• The task:
In the records below, find the line that contains "Lea loves wearing". Retype that line and all the lines after it through the end, leaving out the pictures.

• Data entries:
▬▬▬
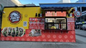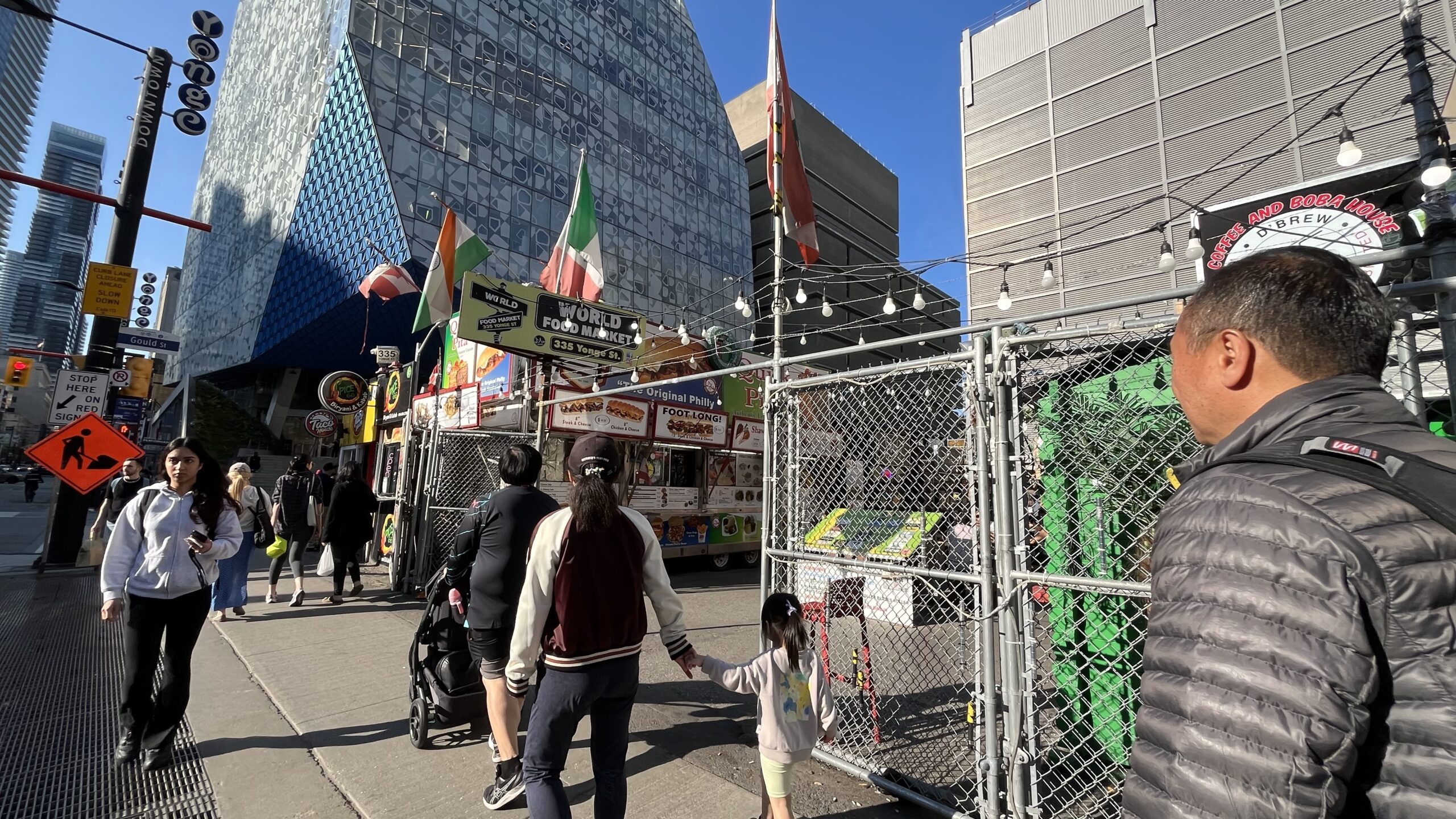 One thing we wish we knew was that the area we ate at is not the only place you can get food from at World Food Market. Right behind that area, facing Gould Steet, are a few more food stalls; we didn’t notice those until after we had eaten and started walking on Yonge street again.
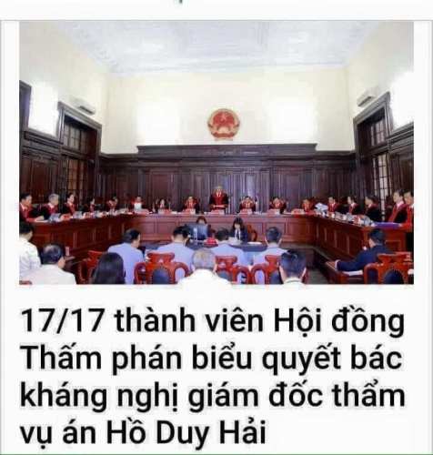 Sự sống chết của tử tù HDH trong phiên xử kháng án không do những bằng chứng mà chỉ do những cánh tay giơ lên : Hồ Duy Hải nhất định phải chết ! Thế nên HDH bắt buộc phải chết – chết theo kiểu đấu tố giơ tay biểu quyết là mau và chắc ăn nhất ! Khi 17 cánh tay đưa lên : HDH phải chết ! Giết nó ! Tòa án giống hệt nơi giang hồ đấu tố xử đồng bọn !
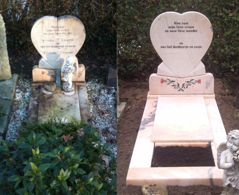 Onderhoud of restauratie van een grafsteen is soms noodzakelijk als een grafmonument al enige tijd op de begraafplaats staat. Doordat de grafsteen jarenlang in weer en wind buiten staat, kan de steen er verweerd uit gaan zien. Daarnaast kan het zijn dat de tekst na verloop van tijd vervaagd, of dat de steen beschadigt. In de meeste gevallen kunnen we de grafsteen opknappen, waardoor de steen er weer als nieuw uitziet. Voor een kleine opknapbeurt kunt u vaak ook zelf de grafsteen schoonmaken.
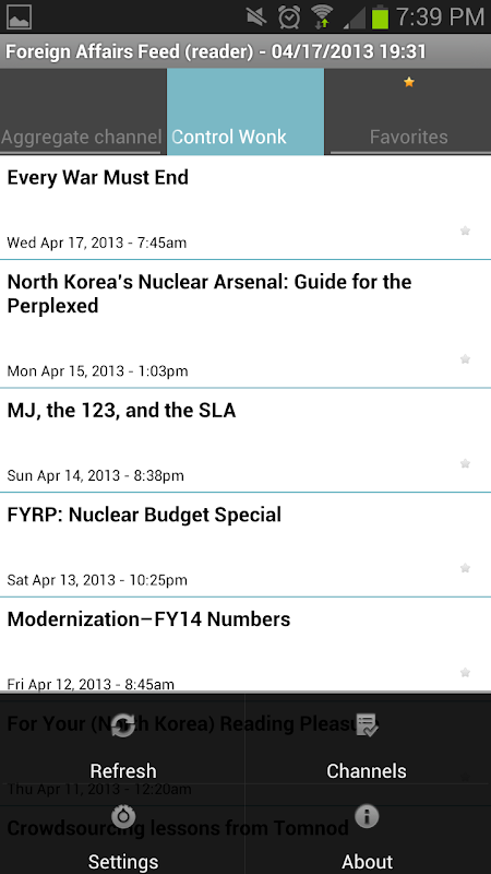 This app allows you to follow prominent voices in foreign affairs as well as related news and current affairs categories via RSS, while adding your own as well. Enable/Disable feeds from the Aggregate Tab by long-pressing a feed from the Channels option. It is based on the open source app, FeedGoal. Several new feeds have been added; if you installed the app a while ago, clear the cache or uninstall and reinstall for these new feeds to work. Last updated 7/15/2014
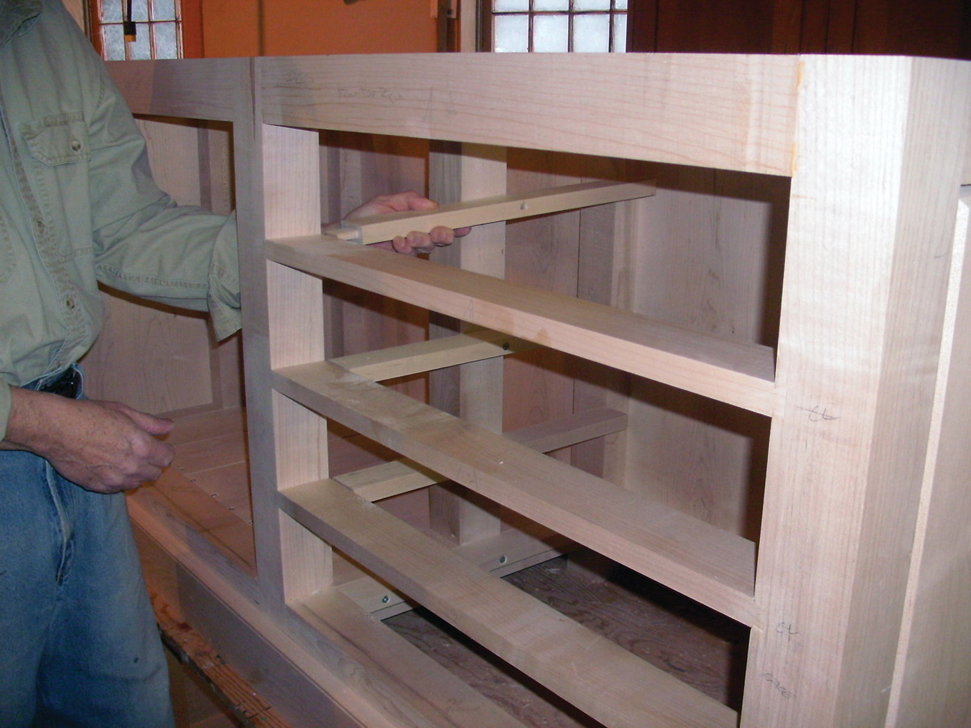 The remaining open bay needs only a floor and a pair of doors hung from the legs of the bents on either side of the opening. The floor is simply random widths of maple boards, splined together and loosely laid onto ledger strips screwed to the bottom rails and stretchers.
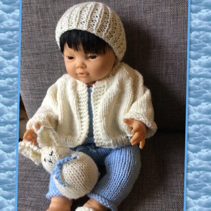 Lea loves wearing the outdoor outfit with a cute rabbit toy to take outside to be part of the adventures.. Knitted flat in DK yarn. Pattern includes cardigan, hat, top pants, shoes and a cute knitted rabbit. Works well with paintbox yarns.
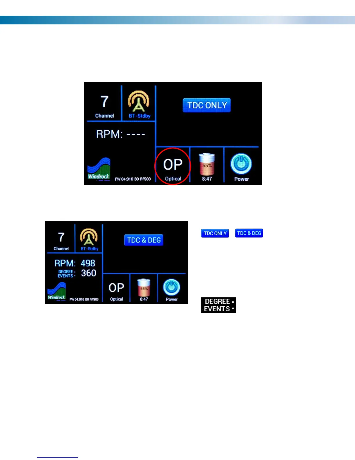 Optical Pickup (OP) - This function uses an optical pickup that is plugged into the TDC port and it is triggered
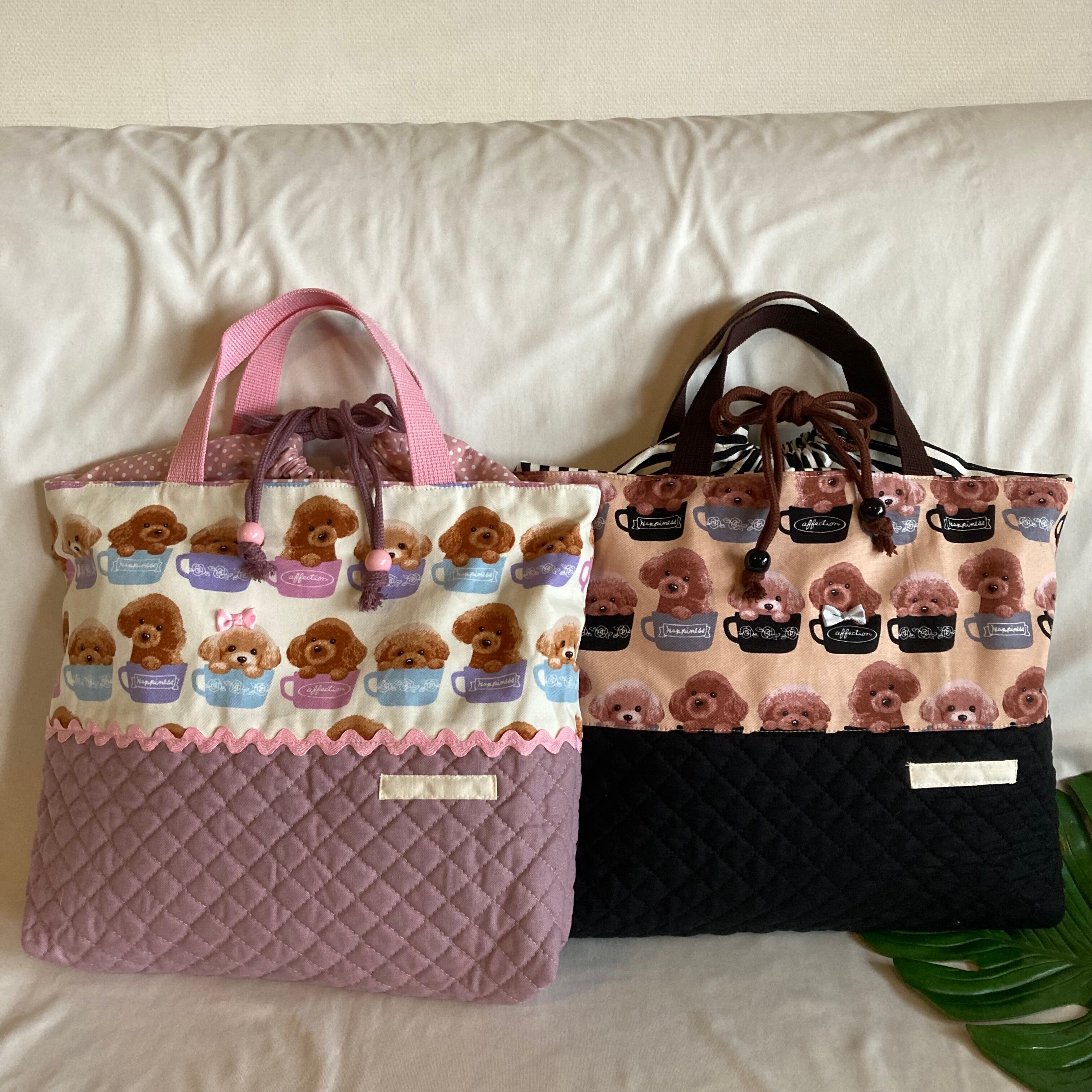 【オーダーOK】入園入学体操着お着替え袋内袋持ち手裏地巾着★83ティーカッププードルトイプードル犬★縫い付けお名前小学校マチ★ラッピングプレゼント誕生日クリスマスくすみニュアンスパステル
▬▬▬
• Answer to the problem:
 Lea loves wearing the outdoor outfit with a cute rabbit toy to take outside to be part of the adventures.. Knitted flat in DK yarn. Pattern includes cardigan, hat, top pants, shoes and a cute knitted rabbit. Works well with paintbox yarns.
 Optical Pickup (OP) - This function uses an optical pickup that is plugged into the TDC port and it is triggered
 【オーダーOK】入園入学体操着お着替え袋内袋持ち手裏地巾着★83ティーカッププードルトイプードル犬★縫い付けお名前小学校マチ★ラッピングプレゼント誕生日クリスマスくすみニュアンスパステル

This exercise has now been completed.